(Updates with closing share price from second paragraph.)
Oct. 13 (Bloomberg) -- Man Group Plc, the world’s largest hedge fund, dropped for the third consecutive day, reaching its lowest level for a decade after the net asset value of its AHL Diversified Plc fund declined.
The shares fell 4 percent to 150 pence at the close of London trading, the lowest since March 2001. The stock fell 6 percent yesterday after the London-based company reported that the assets of AHL, its computer-driven hedge fund, fell 5.5 percent in the week to Oct. 10.
The firm bought London-based GLG Partners Inc. last October for $1.6 billion to reduce its reliance on AHL, which accounts for about a third of assets under management. The stock dropped by 25 percent on Sept. 28 as Chief Executive Officer Peter Clarke forecast “suppressed” investor demand for the rest of the year.

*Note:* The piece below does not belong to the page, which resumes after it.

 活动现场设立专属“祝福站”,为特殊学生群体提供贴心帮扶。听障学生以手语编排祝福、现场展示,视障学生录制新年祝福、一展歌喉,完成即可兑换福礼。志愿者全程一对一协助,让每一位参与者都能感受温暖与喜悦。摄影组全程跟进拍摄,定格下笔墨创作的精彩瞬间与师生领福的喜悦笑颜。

“AHL have blamed central bank intervention as a cause of problems, which is set to continue,” said Keith Baird, analyst at Oriel Securities in London. “It also is the victim of adverse sentiment on the GLG acquisition.”

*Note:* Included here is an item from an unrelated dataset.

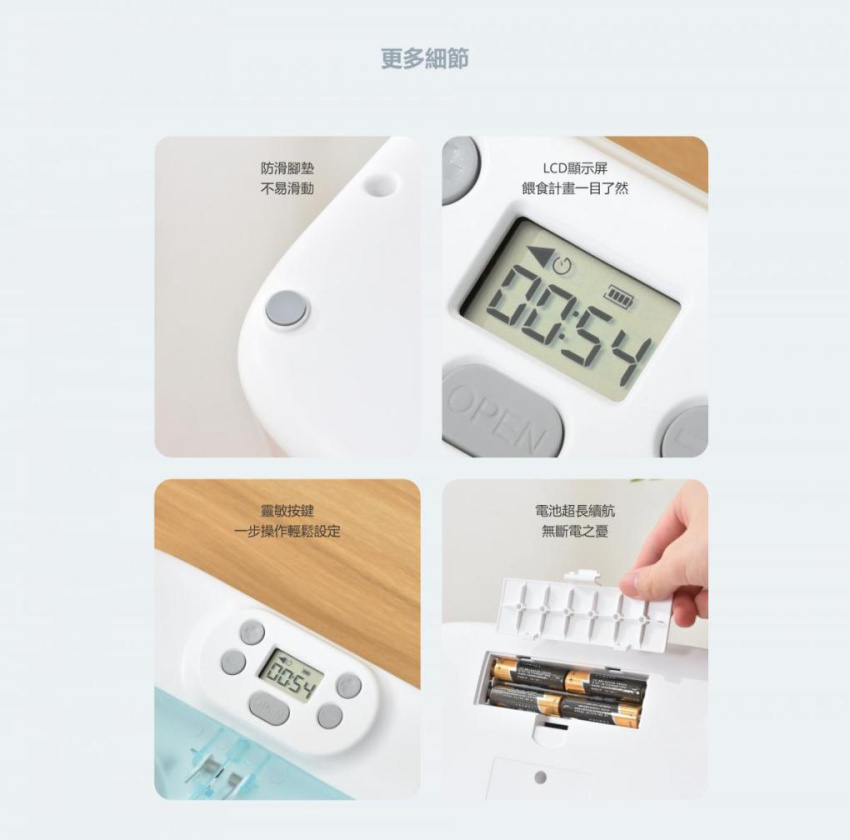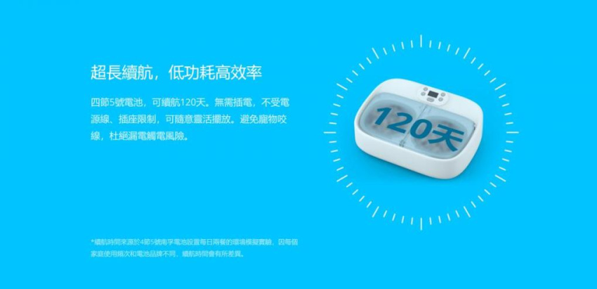 - 四節 5 號電池,可續航 120 天。無需插電,不受電源線、插座限制,可隨意靈活擺放。避免寵物咬線,杜絕漏電觸電風險
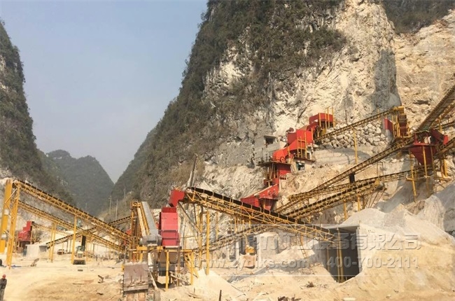 上圖為時產(chǎn)800噸碎石生產(chǎn)線的生產(chǎn)現(xiàn)場,依托山勢將山石進行破碎,不僅利用了當?shù)氐馁Y源,而且減少了物料輸送過程中的能源消耗,生產(chǎn)效率大大提高。

Ashmore Group Plc, a U.K. fund manager focusing on emerging markets, said earlier today assets under management fell 10.5 percent to $58.9 billion in the three months to Sept. 30. The fund manager was hurt by “market volatility resulting from the challenging and uncertain macroeconomic backdrop,” it said in a statement. Ashmore shares fell 4 percent to 318 pence in London.
“Man Group is falling for the wrong reasons and they are falling based on the negative read across Ashmore, which is an emerging market play,” said Peter Lenardos, analyst at RBC Capital Markets in London. “The fall to these levels is a bit excessive now.”